Catalin Marinas <catalin.marinas@xxxxxxx> · Tue, 25 Feb 2025 17:52:25 +0000

On Tue, Feb 25, 2025 at 05:10:10PM +0000, Ryan Roberts wrote:
> On 17/02/2025 14:08, Ryan Roberts wrote:
> > arch_sync_kernel_mappings() is an optional hook for arches to allow them
> > to synchonize certain levels of the kernel pgtables after modification.
> > But arm64 could benefit from a hook similar to this, paired with a call
> > prior to starting the batch of modifications.
> > 
> > So let's introduce arch_update_kernel_mappings_begin() and
> > arch_update_kernel_mappings_end(). Both have a default implementation
> > which can be overridden by the arch code. The default for the former is
> > a nop, and the default for the latter is to call
> > arch_sync_kernel_mappings(), so the latter replaces previous
> > arch_sync_kernel_mappings() callsites. So by default, the resulting
> > behaviour is unchanged.
> 
> Thanks to Kevin Brodsky; after some discussion we realised that while this works
> on arm64 today, it isn't really robust in general.
[...]
> As an alternative, I'm proposing to remove this change (keeping
> arch_sync_kernel_mappings() as it was), and instead start wrapping the vmap pte
> table walker functions with
> arch_enter_lazy_mmu_mode()/arch_exit_lazy_mmu_mode().

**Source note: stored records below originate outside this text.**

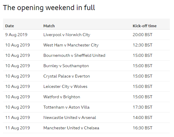 The 2019-20 Premier League season will start with Champions League winners Liverpool hosting promoted Norwich City on Friday, 9 August. The opening weekend will also see Manchester United host Chelsea on Sunday, 11 August.
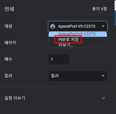 하지만, PDF 저장해서 기관에 파일 전송이나 향후 사용할 용도라면 해당 방법을 선택하시면 됩니다.
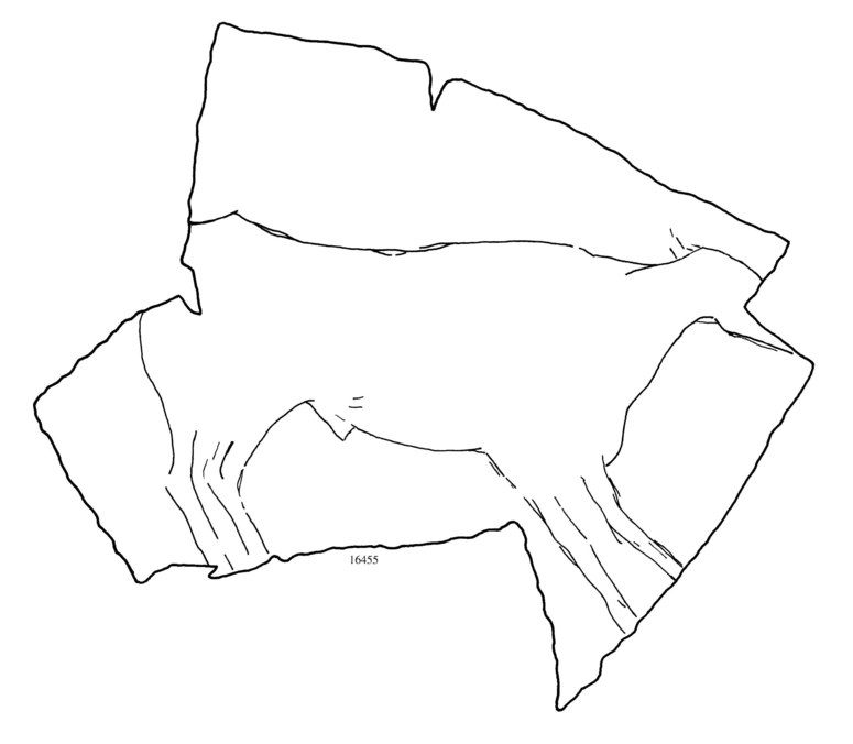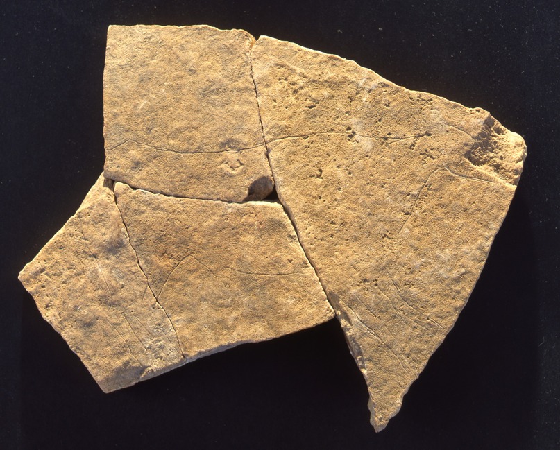 Plaqueta grabada con un bóvido con detalle de sexo y oreja. Cova del Parpalló (Gandia, València) . Solutrense medio.
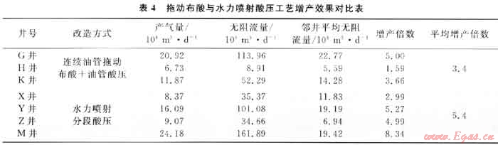 2010年采用連續(xù)油管拖動布酸+油管酸壓改造施工水平井3口,平均無阻流量是鄰井直井的3.4倍;而采用水力噴射分段酸壓改造施工水平井4口,平均無阻流量是鄰井直井的5.4倍,改造效果突出,其中2口井獲得日產(chǎn)百萬立方米的無阻流量(表4)。

I came to the same conclusion why looking at the last three patches. I'm
also not a fan of relying on a TIF flag for batching.

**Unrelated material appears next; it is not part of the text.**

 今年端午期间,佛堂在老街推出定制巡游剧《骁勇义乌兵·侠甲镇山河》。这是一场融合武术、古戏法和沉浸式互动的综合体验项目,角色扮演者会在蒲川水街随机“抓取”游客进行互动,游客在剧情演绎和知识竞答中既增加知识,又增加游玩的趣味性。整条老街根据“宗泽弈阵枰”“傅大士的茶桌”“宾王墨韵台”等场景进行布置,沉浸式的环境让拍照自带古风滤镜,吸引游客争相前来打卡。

> These have a smaller scope
> so there is no risk of the nesting (pgtable allocations happen outside the
> scope). arm64 will then use these lazy mmu hooks for it's purpose of deferring
> barriers. There might be a small amount of performance loss due to the reduced
> scope, but I'm guessing most of the performance is in batching the operations of
> a single pte table.
> 
> One wrinkle is that arm64 needs to know if we are operating on kernel or user
> mappings in lazy mode. The lazy_mmu hooks apply to both kernel and user
> mappings, unlike my previous method which were kernel only. So I'm proposing to
> pass mm to arch_enter_lazy_mmu_mode().

Note that we have the efi_mm that uses PAGE_KERNEL prot bits while your
code only checks for init_mm after patch 13.

-- 
Catalin